Changes in pigment contents in C. helmsii leaves as a result of emerged versus submerged growth and Cu stress. The data are averages and se of three independent experiments. Treatment labels are as follows: E, experiment (treatment) in emerged state; S, experiment in submerged state; Cu, treated with 10 μm Cu²⁺; Ct, control (0.1 μm Cu²⁺).

Figure 3.

Results of pH measurements of C. helmsii leaves for detecting circadian changes of acid content indicative of CAM. The lines between the morning and evening measuring points are only a visual aid for making it easier to see which pairs of points belong together; they do not imply that there would be a linear decrease of pH over the day. The data are averages of two independent experiments. Treatment labels are as follows: e, emerged stock culture; s, submerged stock culture; E, experiment (treatment) in emerged state; S, experiment in submerged state; Cu, treated with 10 μm Cu²⁺; Ct, control (0.1 μm Cu²⁺).

Figure 4.

Changes in the biophysics of photosynthesis as a result of emerged versus submerged growth and Cu stress, revealed by Chl fluorescence parameters. All samples were measured in the FKM at an actinic irradiance of 120 μmol m⁻² s⁻¹. See “Materials and Methods” for details of the measuring protocol, including timing of events. The data are averages of two independent experiments.
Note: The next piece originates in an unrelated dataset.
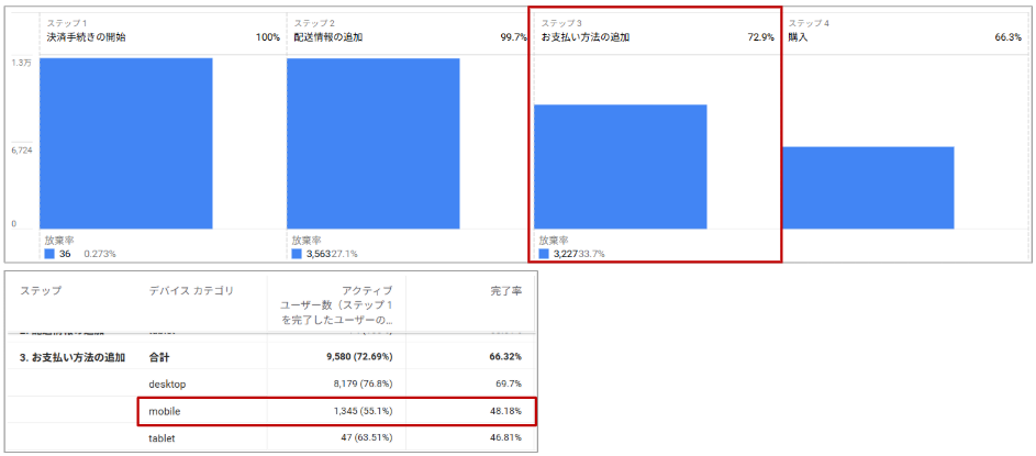 これを見ると、支払い方法を追加する時の離脱率が最も高く、特にその中でもモバイルユーザーの離脱率が高いということが分かります。この結果から、「モバイルビューで支払い情報を入力するフォームに改善余地がありそう」等の当たりを付けることができます。
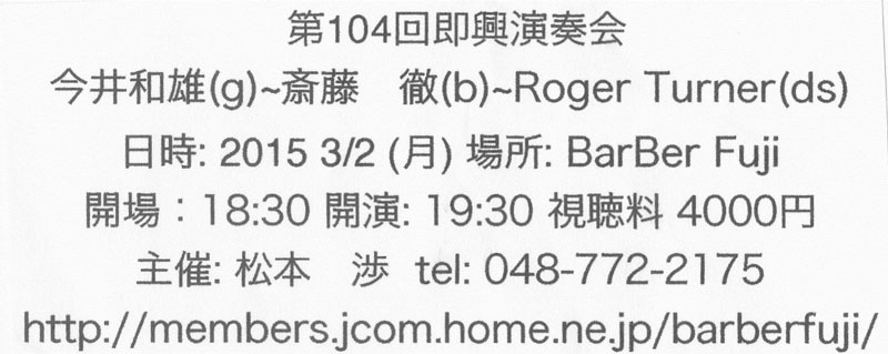 「バーバー富士」で、今井和雄(g)齋藤徹(b)ロジャー・ターナー(ds)という素晴らしい組み合わせのセッションがあるというので、駆けつけた。「バーバー富士」については、ネットなどで目にはしていたが、実際に行ったのは今回が初めてだった。高崎線大宮駅から2つ目、上尾駅から徒歩10分弱の静かな住宅街にある床屋さん。理容椅子2脚のそう広くはないお店で、すでに100回を超える即興ライヴ(自宅ライヴ)が行われているという。

Treatment labels are as follows: E, experiment (treatment) in emerged state; S, experiment in submerged state; Cu, treated with 10 μm Cu²⁺; Ct, control (0.1 μm Cu²⁺). A, Selected parameters. Indices of sections of the measuring protocol are as follows: “_d” stands for “dark adapted,” “_i” stands for “irradiated with actinic light,” and “_r” stands for “relaxation period after actinic irradiance.” The numbers in the index sequentially number the SIPs in the respective protocol section. A short explanation of individual fluorescence kinetic parameters is provided in Table I; for details, see reviews on Chl fluorescence kinetics or Küpper et al. (2007a). Top row, Basic parameters of fluorescence yield in nonactinic (F₀) and supersaturating (F_m) light; second row, parameters measuring photochemical activity (F_v/F_m and Φ_PSII); third row, parameters measuring NPQ; bottom row, light saturation as measured by F_p in relation to F_m with correction of F₀ effects. B, Typical examples of complete fluorescence kinetic measurements. See “Materials and Methods” for details of the measuring protocol, including timing of events. The black bars at the bottom of the panels indicate periods of the measurement when actinic light is switched off, and the white bars symbolize the time period of actinic irradiance. The arrows indicate the positions of the SIPs.

Figure 5.

Spectra of in situ x-ray absorbance measurements (Cu-K edge) of frozen-hydrated C. helmsii tissues. Treatment labels are as follows: Ef, Fermi energy (Rehr and Albers, 1990); E, experiment (treatment) in emerged state; S, experiment in submerged state; Cu, treated with 10 μm Cu²⁺; Ct, control (0.1 μm Cu²⁺). Top, Normalized EXAFS and fit with theoretical model. Bottom, Fourier transform of the EXAFS and fits with theoretical model (done on normalized EXAFS).